Today, being committed to customer-centricityis more important than ever for a brand. So improved management of customer data is the key component to success.
In 2019 Mcdonald’s invested $300M in acquisition for Dynamic Yield, an Israeli AI company specializing in personalization and decision logic technology, and again for Apprente a silicon Valley AI-powered speech understanding company.
Why is the world’s largest fast-food chain buying tech startups?
McDonald’s realized that the ability to detect customer signals quickly, to make offers, and to deliver them across digital channels are essentials to win in their industry.

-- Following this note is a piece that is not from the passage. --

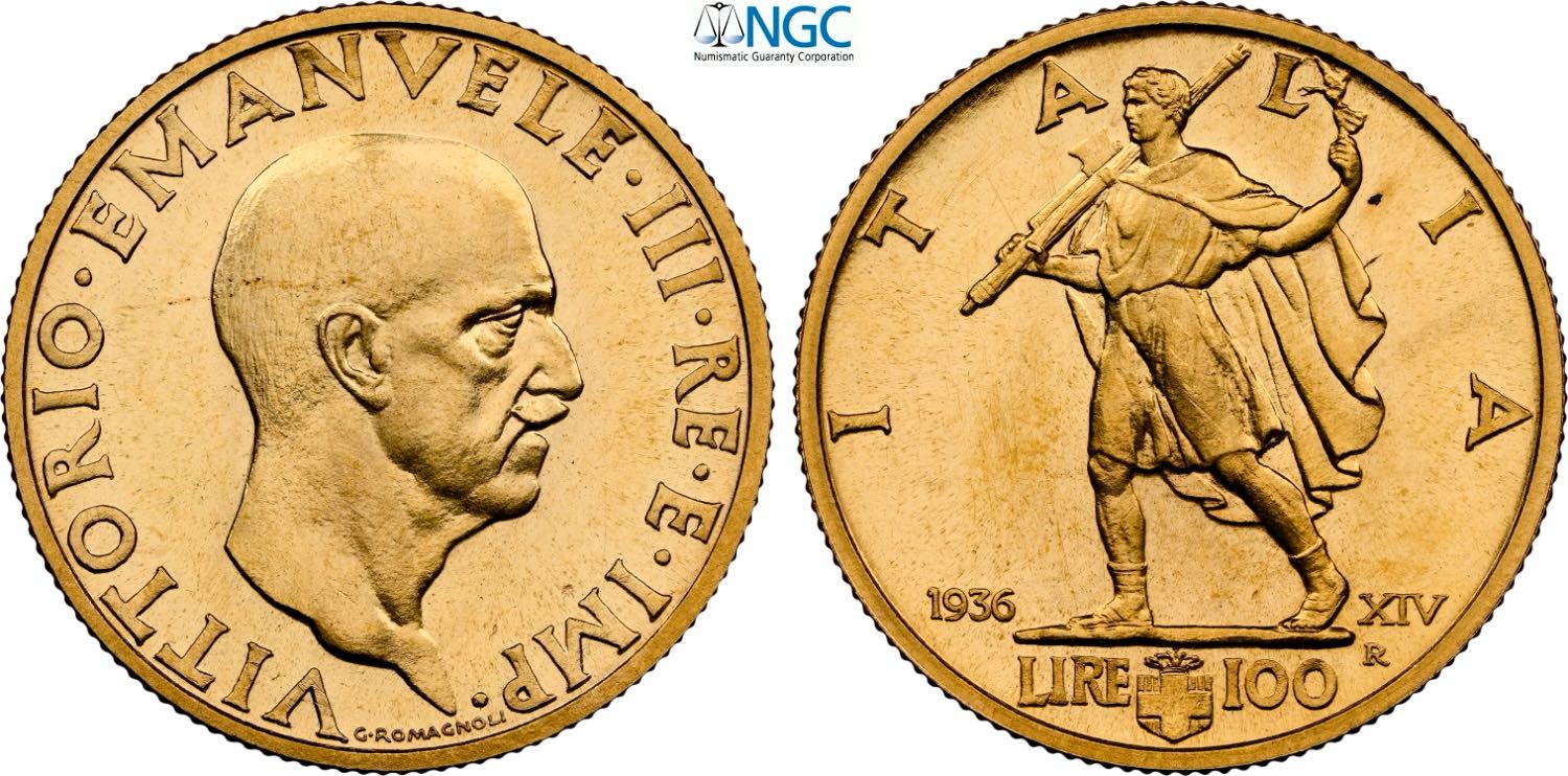 Regno d'Italia, Vittorio Emanuele III (1900-1943), 100 Lire 1936, coniati 812 esemplari, RR Au 23,5 mm 8,80 g, in Slab NGC MS65

The first application of the technology appeared in McDonald’s drive-thrus by optimizing the digital menu board. The features included detecting the customers, their car type, the people sitting in the car, factoring in seasonality and the time of day. AI is driving the selections on the menu board. Instead of an overwhelming 35 items, only 7 of the most likely items to be selected are displayed based on past preferences and patterns. The result: orders are placed faster, and both the average order size and the volume of cars able to get through at peak meal times increased. Taking into account that McDonald’s’ owns 38,000 locations, this represents real revenue.
The next steps are the extension of personalization capabilities to in-store kiosks and McDonald’s mobile app. McDonald’s gets that customer experiences must be personalized and fuelled with data. McDonald’s gets that investing in technologies – AI, real-time customer data, and digital personalization – can deliver strategic competitive advantage.
Where does this acceleration come from? Have companies already used data to bridge the CX gap?
The sanitary crisis we are all going through has accelerated existing trends about CX transformation. As McKinsey reckons: “Indeed, recent data show that we have vaulted five years forward in consumer and business digital adoption in a matter of around eight weeks.”
But what are these major trends?
Experiences define value – more than goods and services. “The burger was good, but it was great how they knew what I wanted”
The customer is the innovator – the real innovator today is the consumer, whether digital native or like me, digital immigrant. We’re all trying new devices, channels and subscribing to services. Change is a constant. And this applies to B2C consumers and B2B buyers.
Customer journeys are non-linear and unpredictable – we use a mix of digital and physical channels now, often in the same transaction. Today, we talk about digital, physical, and even “phygital”. Customers also want to transact in channels you don’t own like What’s App, Messenger, WeChat, or Smart Speakers.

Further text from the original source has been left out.